Il giorno 1 apr 2021, alle ore 03:27, Yi Zhang <yi.zhang@xxxxxxxxxx> ha scritto:

Hi
Hi

We reproduced this bfq regression[3] on ppc64le with blktests[2] on the latest linux-block/for-next branch, seems it was introduced with [1] from my bisecting, pls help check it. Let me know if you need any testing for it, thanks.

Thanks for reporting this bug and finding the candidate offending commit. Could you try this test with my dev kernel, which might provide more information?

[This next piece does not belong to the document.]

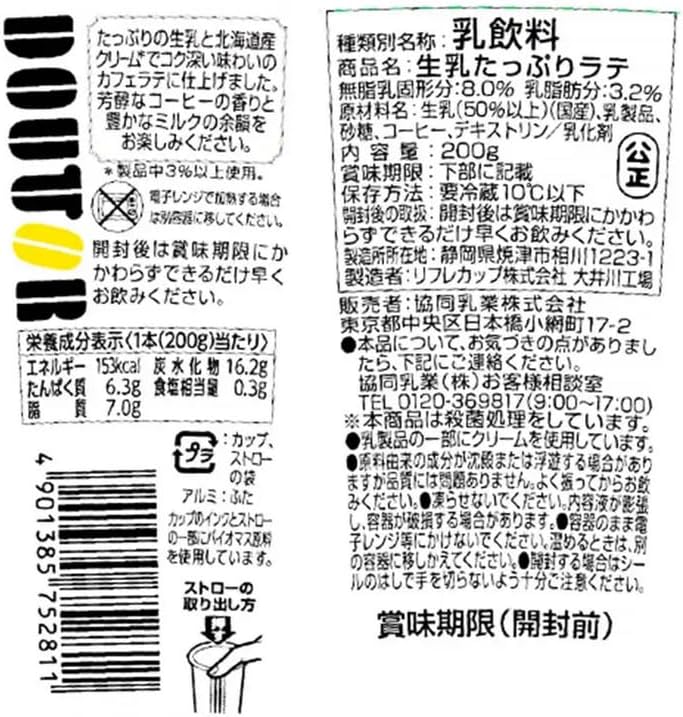 協同乳業 ドトール生乳たっぷりラテ 200g

The kernel is here:
https://github.com/Algodev-github/bfq-mq

Alternatively, I could try to provide you with patches to instrument your kernel.
HI Paolo
I tried your dev kernel, but with no luck to reproduce it, could you provide the debug patch based on latest linux-block/for-next?

The first option may be quicker.

In both cases, having KASAN active could be rather helpful too.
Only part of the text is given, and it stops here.